Post by Bill Kibby » 04 Jun 2014, 10:37

1909AscherbergPerzina32dpg.jpg
The picture here is an Ascherberg Perzina grand of 1909. If you read my Numbers page, you will understand my comments about Michel, so I shouldn't be surprised that something that has been widely published for half a century is so wrong. I have also questioned the piano being that early. The company is said to have failed in 1883, and continued as Ascherg Perzina. I know very little about Queen Emma, but I think the pictures you linked me to are more like a piano of the 1890s, similar to Ascherberg grands I have tuned over the years, but that late a date would probably make it "Ascherberg Perzina", and too late for Queen Emma, who died in 1885. We could guess that it is either pre-1883, or not her piano!

I have been unable to find reliable, accurate information about Ascherberg serial numbers. The Ascherberg company is said to have been bombed out of existence during the second world war when the Americans decided to level Dresden.
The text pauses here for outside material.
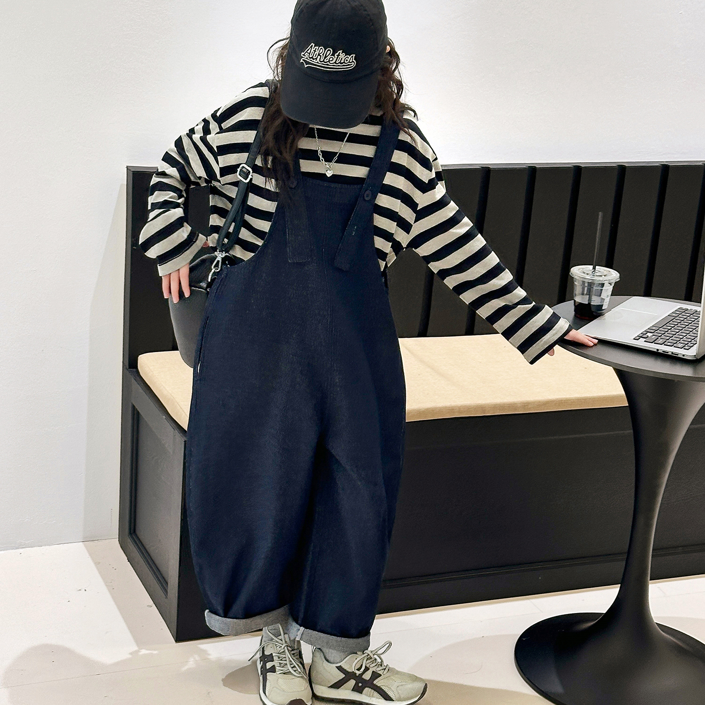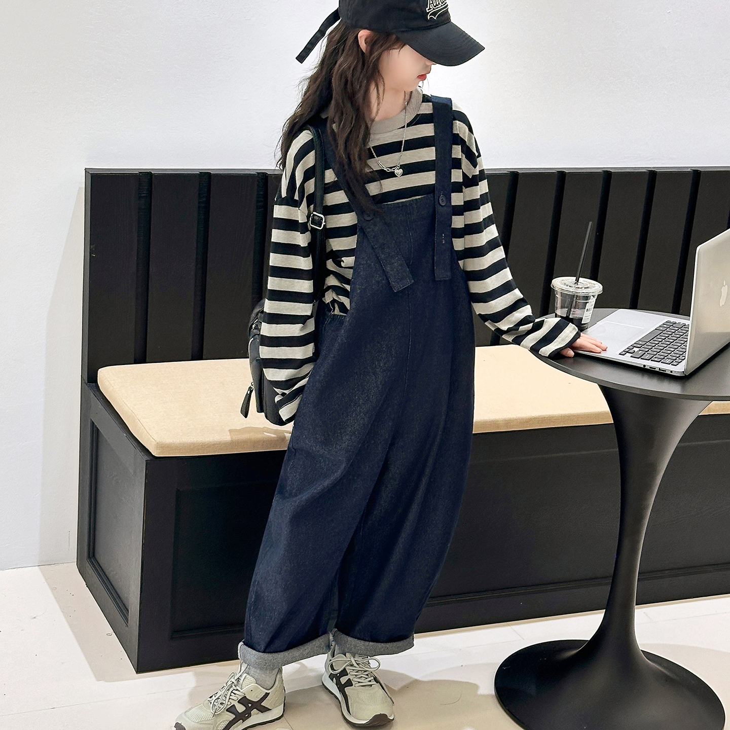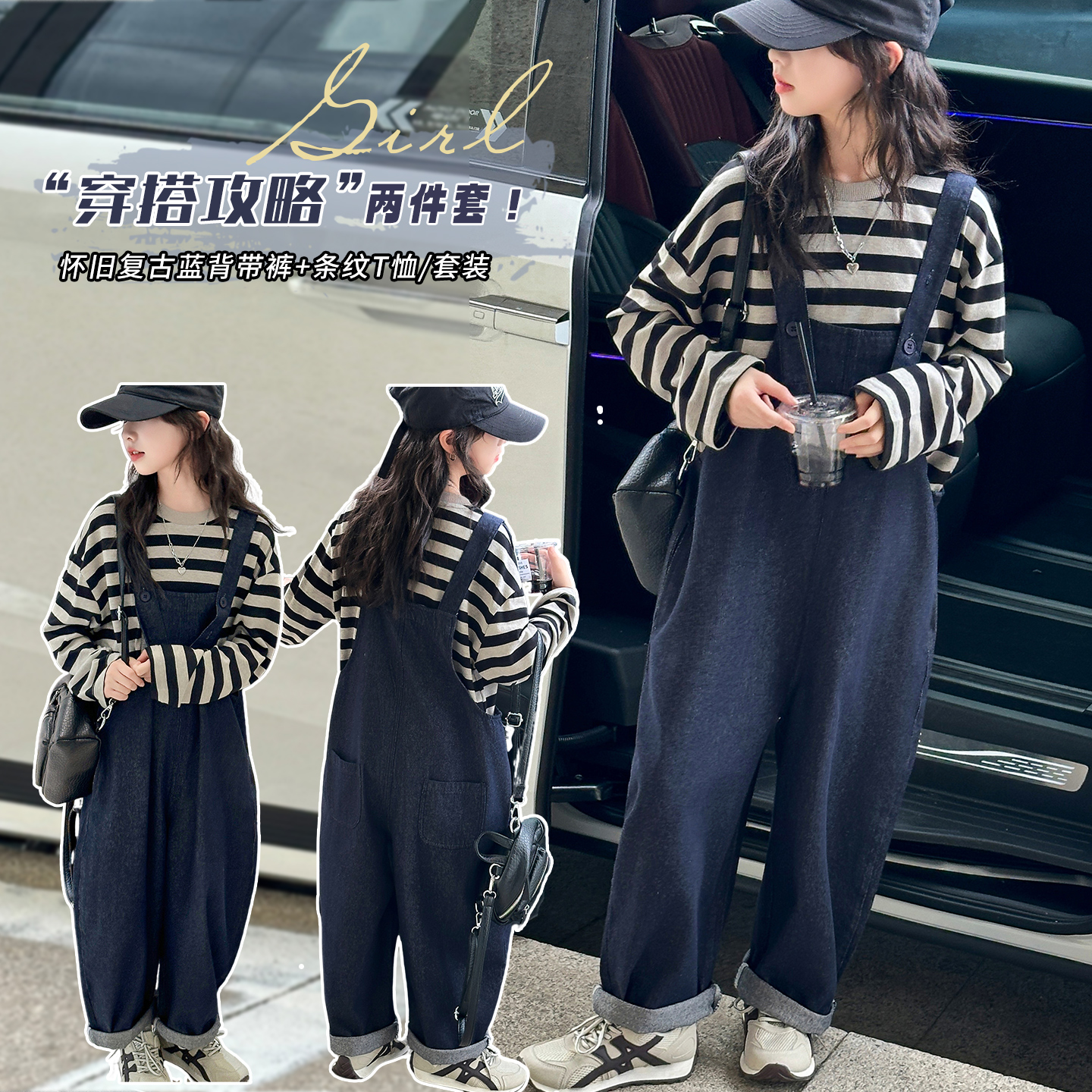 女童春秋款套装2025新款超时髦高级感条纹上衣可调节背带裤两件套

No archives survived. 1880 is said to be the date of Ascherberg grand #2,590 in the Which Guide to Collectables, overstrung, with Ascherberg's patented action, 85 notes, ivory keys, case rosewood, profusely inlaid with urns, ribbons & floral scrolls, on "turned" tapered legs (actually hexagonal for the most part) with boxwood stringing.

I spend a lot of my time trying to correct websites and books that publish wrong information, but we all have to take their word sometimes. Another Ascherberg that crops up sometimes is an upright #4456 with the convex top that I estimate at 1862. I think the numbers are misleading and not in the same sequence.